ABSTRACT
S-amlodipine, a commonly prescribed antihypertensive agent, is widely used in clinical settings to treat hypertension. However, the potential adverse effects of long-term S-amlodipine treatment on the liver remain uncertain, given the cautionary recommendations from clinicians regarding its administration in individuals with impaired liver function. To address this, we conducted a study using an eight-week-old male rat model and administered a daily dose of 0.6 ~ 5 mg/kg of S-amlodipine for 7 weeks. Our findings demonstrated that 1.2 ~ 5 mg/kg of S-amlodipine treatment induced liver inflammation and associated dysfunction in rats, further in vitro experiments revealed that the observed liver inflammation and dysfunction were not attributable to direct effects of S-amlodipine on the liver. Metagenome sequencing analysis revealed that S-amlodipine treatment led to alterations in the gut microbiome of rats, with the bloom of E. coli (4.5 ~ 6.6-fold increase) and a decrease in A. muciniphila (1,613.4 ~ 2,000-fold decrease) and B. uniformis (20.6 ~ 202.7-fold decrease), subsequently causing an increase in the gut bacterial lipopolysaccharide (LPS) content (1.4 ~ 1.5-fold increase in feces). S-amlodipine treatment also induced damage to the intestinal barrier and increased intestinal permeability, as confirmed by elevated levels of fecal albumin; furthermore, the flux of gut bacterial LPS into the bloodstream through the portal vein resulted in an increase in serum LPS content (3.3 ~ 4-fold increase). LPS induces liver inflammation and subsequent dysfunction in rats by activating the TLR4 pathway. This study is the first to show that S-amlodipine induces liver inflammation and dysfunction by perturbing the rat gut microbiome.

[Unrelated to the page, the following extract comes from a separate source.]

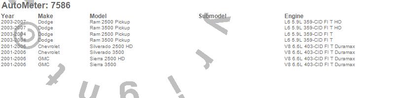 Below is an abreviated list of applications for the Phantom II Fuel Rail Pressure Gauge.

These results indicate the adverse effects of S-amlodipine on the liver and provide a rich understanding of the safety of long-term S-amlodipine administration.
Disclosure statement
No potential conflict of interest was reported by the author(s).
Author contributions
D. M. and Y. L. conceived and designed the study, and X. L. wrote the manuscript. X. L., H. F., L. P., H. G., and C. Y. performed the experiments, and X. L. performed fecal metagenome sequencing. X. L., P. Z., and H. L. collected and analyzed the data. D. M. and Y. L. supervised the study and edited the manuscript.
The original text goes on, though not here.